Self Denial

And he said unto all, If any man would come after me, let him deny himself, and take up his cross daily, and follow me. For whosoever would save his life shall lose it; but whosoever shall lose his life for my sake, the same shall save it.

— St. Luke 9:23-24

Here is the promise to those who will leave all and follow him: “Whosoever shall lose his life, for my sake, the same shall save it,”—in St. Matthew, “Find it.” To lose ourselves in the salvation of God’s heart! To be no longer any care to ourselves, but know God taking divinest care of us, his own! To revel in the unsought love of those who love us as we love them! To know that we are in the child’s secret of existence, that we are pleasing in the eyes and to the heart of the Father! What a self is this to receive again from him for that we forsook!
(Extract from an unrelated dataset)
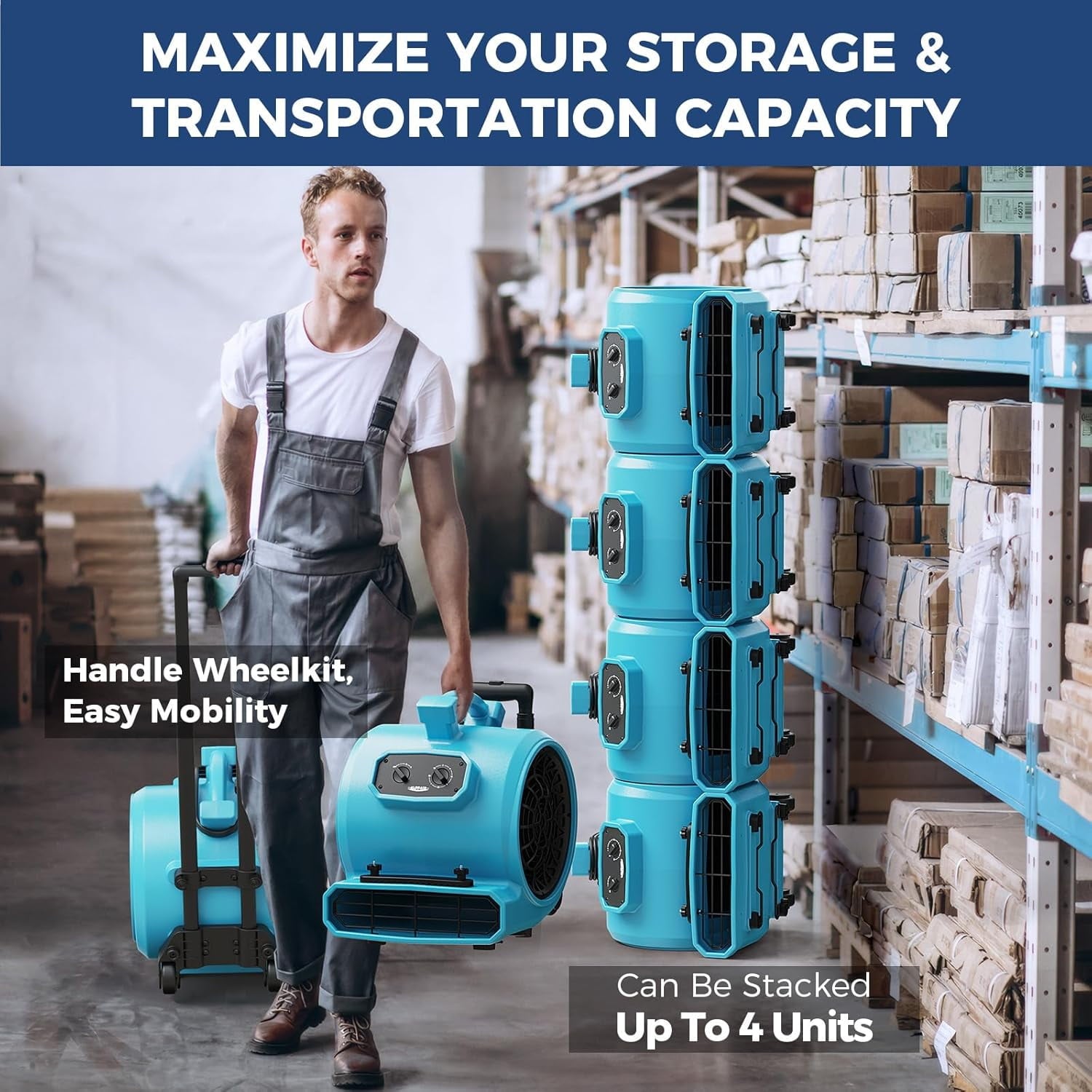 • LIGHTWEIGHT AND PORTABLE – Simply plug in the unit to start using it. Stackable and a handle for convenient storage and transportation, whether you’re heading to a job site or simply moving it from one room to another. For contractors, restoration specialists, or anyone needing a portable solution, this device offers unmatched portability and convenience.

We left it paltry, low, mean; he took up the poor cinder of a consciousness, carried it back to the workshop of his spirit, made it a true thing, and restored it to our having forever!

All high things can be spoken only in figures of speech; and these cannot fit intellectually; they can be interpreted truly only by such as have the spiritual fact in themselves. When we speak of a man and his soul, we imply two selves; but we cannot divide ourselves so, and the figure suits but imperfectly. It was never the design of the Lord to explain things to our understanding—we require a means, a word, whereby to think of high things: that is what a true figure, while far from perfect, will always be to us. And the true soul sees, or will come to see, that the Lord’s words, his figures, always represent more than they are able to present; for, as the heavens are higher than the earth, so are the heavenly things higher than the earthly signs of them, let the signs be good as ever sign may be.